**EXERCISE MATERIALS**.
______________________________

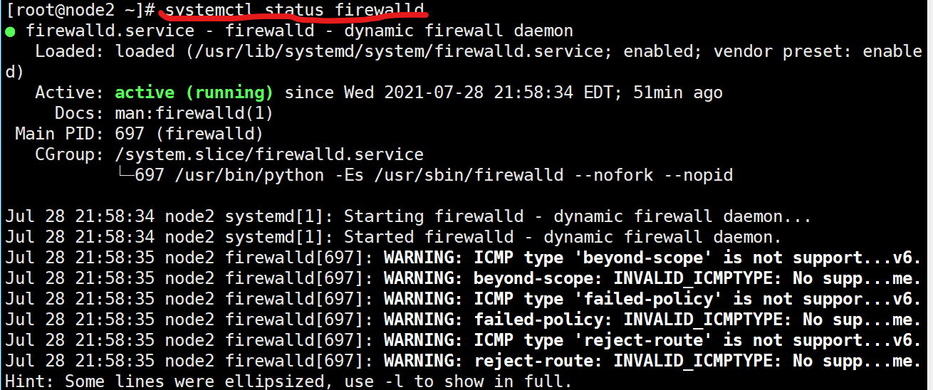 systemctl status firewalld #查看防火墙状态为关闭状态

______________________________

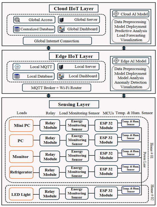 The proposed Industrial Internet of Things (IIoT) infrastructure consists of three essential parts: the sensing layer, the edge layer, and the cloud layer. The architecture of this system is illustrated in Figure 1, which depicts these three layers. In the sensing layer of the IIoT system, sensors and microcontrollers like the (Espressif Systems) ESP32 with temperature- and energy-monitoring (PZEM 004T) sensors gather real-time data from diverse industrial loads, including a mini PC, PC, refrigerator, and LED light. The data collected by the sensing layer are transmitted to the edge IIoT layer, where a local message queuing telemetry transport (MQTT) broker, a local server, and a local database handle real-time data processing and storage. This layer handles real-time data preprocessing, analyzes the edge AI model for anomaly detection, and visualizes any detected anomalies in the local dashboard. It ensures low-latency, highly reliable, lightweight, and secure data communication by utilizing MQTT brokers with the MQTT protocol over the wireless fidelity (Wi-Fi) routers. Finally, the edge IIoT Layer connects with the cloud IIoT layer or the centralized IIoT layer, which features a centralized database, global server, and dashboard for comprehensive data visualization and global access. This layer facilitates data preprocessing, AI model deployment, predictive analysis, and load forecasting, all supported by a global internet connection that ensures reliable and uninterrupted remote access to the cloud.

______________________________

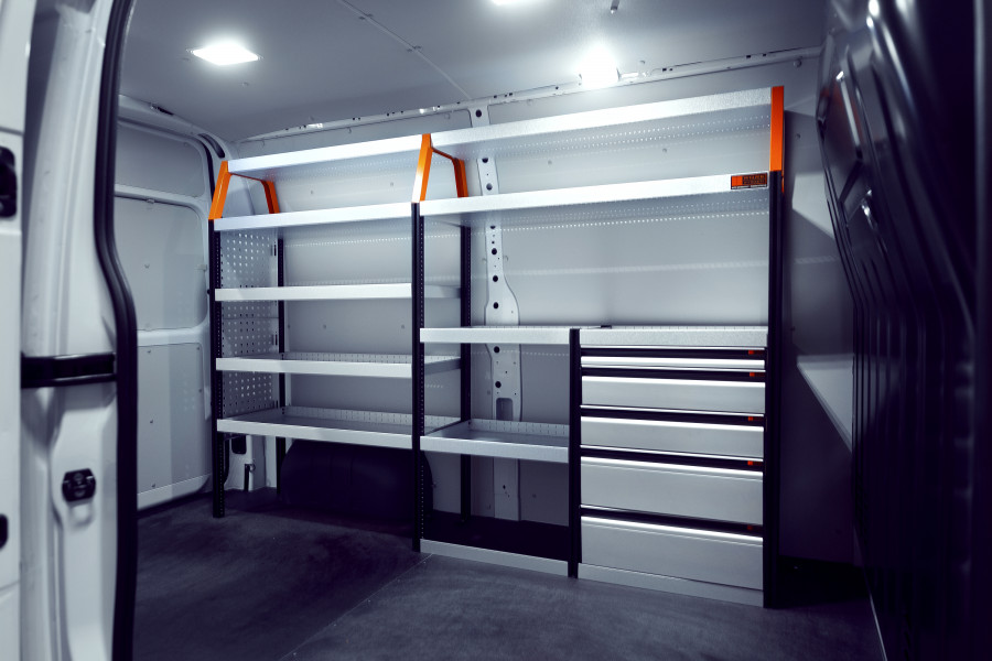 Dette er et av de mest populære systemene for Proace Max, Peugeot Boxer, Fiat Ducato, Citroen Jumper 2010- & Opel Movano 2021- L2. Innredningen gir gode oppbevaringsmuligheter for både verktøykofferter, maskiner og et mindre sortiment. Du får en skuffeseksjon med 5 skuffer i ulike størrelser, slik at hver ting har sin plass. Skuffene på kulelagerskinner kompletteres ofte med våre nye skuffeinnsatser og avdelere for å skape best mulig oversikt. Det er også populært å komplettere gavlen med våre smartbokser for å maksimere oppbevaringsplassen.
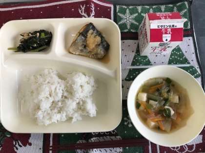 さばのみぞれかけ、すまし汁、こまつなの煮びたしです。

______________________________

**WORK INSTRUCTION**.
Only the lines between the one with "Dette er et" and the one with "さばのみぞれかけ、すまし汁、こまつなの煮びたしです。", those two included, get copied from the material above. Keep it exact and free of pictures.

**ANSWER BELOW**.
 Dette er et av de mest populære systemene for Proace Max, Peugeot Boxer, Fiat Ducato, Citroen Jumper 2010- & Opel Movano 2021- L2. Innredningen gir gode oppbevaringsmuligheter for både verktøykofferter, maskiner og et mindre sortiment. Du får en skuffeseksjon med 5 skuffer i ulike størrelser, slik at hver ting har sin plass. Skuffene på kulelagerskinner kompletteres ofte med våre nye skuffeinnsatser og avdelere for å skape best mulig oversikt. Det er også populært å komplettere gavlen med våre smartbokser for å maksimere oppbevaringsplassen.
 さばのみぞれかけ、すまし汁、こまつなの煮びたしです。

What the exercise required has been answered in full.